Stored data:
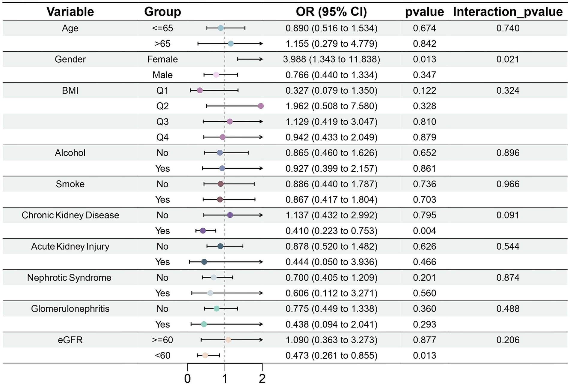 In the CKD subgroup, serum magnesium concentration was significantly negatively correlated with gout risk (OR = 0.410, 95% CI: 0.223–0.753, p = 0.004) (Figure 6). This outcome was consistent with eGFR. We found that in the subgroup with eGFR <60 mL/min/1.73 m2, magnesium may also be a protective factor against gout (OR = 0.473, 95% CI: 0.261–0.855, p = 0.013). However, among female participants, greater serum magnesium concentrations were associated with a higher risk of gout (OR = 3.998, 95% CI: 1.343–11.838, p = 0.013). It is critical to interpret this finding with extreme caution due to the very limited number of female gout cases in our study (Control: 1804; Case: 10), which considerably undermines the statistical reliability. This caution is further warranted by the significant interaction effect observed between sex and serum magnesium (p for interaction = 0.021). Moreover, analysis conducted exclusively in males, which comprised the majority of cases, showed no significant association (OR = 0.766, 95% CI: 0.440–1.334, p = 0.347). Collectively, given the instability of the female subgroup estimate and the null finding in males. The result should currently be considered exploratory, pending validation in large-scale, prospective cohorts.
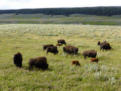 Der ‚Grand Canyon of Yellowstone‘ ist mit den zwei Wasserfälle wunderschön. Im Osten des Parks stösst man immer wieder auf eine Bisonherde.
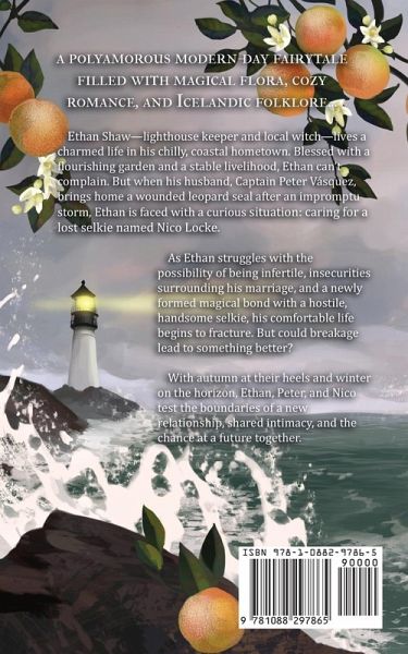 A polyamorous modern-day fairytale filled with magical flora, cozy romance, and Icelandic folklore... Ethan Shaw-lighthouse keeper and local witch-lives a charmed life in his chilly, coastal hometown. Blessed with a flourishing garden and a stable livelihood, Ethan can't complain. But when his husband, Captain Peter Vásquez, brings home a wounded leopard seal after an impromptu storm, Ethan is faced with a curious situation: caring for a lost selkie named Nico Locke. As Ethan struggles with the possibility of being infertile, insecurities surrounding his marriage, and a newly formed magical bond with a hostile, handsome selkie, his comfortable life begins to fracture. But could breakage lead to something better? With autumn at their heels and winter on the horizon, Ethan, Peter, and Nico test the boundaries of a new relationship, shared intimacy, and the chance at a future together.
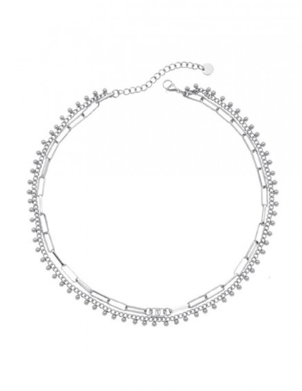 collana da donna della marca liu jo, il gioiello è realizzato in acciaio multifilo, con catena di varie dimensioni. la lunghezza è di 45cm. la chiusura con moschettone.

Exercise directions:
What the answer needs is every line from the one containing "A polyamorous modern-day" through the final line of the data above, copied exactly, without pictures.

Task result:
 A polyamorous modern-day fairytale filled with magical flora, cozy romance, and Icelandic folklore... Ethan Shaw-lighthouse keeper and local witch-lives a charmed life in his chilly, coastal hometown. Blessed with a flourishing garden and a stable livelihood, Ethan can't complain. But when his husband, Captain Peter Vásquez, brings home a wounded leopard seal after an impromptu storm, Ethan is faced with a curious situation: caring for a lost selkie named Nico Locke. As Ethan struggles with the possibility of being infertile, insecurities surrounding his marriage, and a newly formed magical bond with a hostile, handsome selkie, his comfortable life begins to fracture. But could breakage lead to something better? With autumn at their heels and winter on the horizon, Ethan, Peter, and Nico test the boundaries of a new relationship, shared intimacy, and the chance at a future together.
 collana da donna della marca liu jo, il gioiello è realizzato in acciaio multifilo, con catena di varie dimensioni. la lunghezza è di 45cm. la chiusura con moschettone.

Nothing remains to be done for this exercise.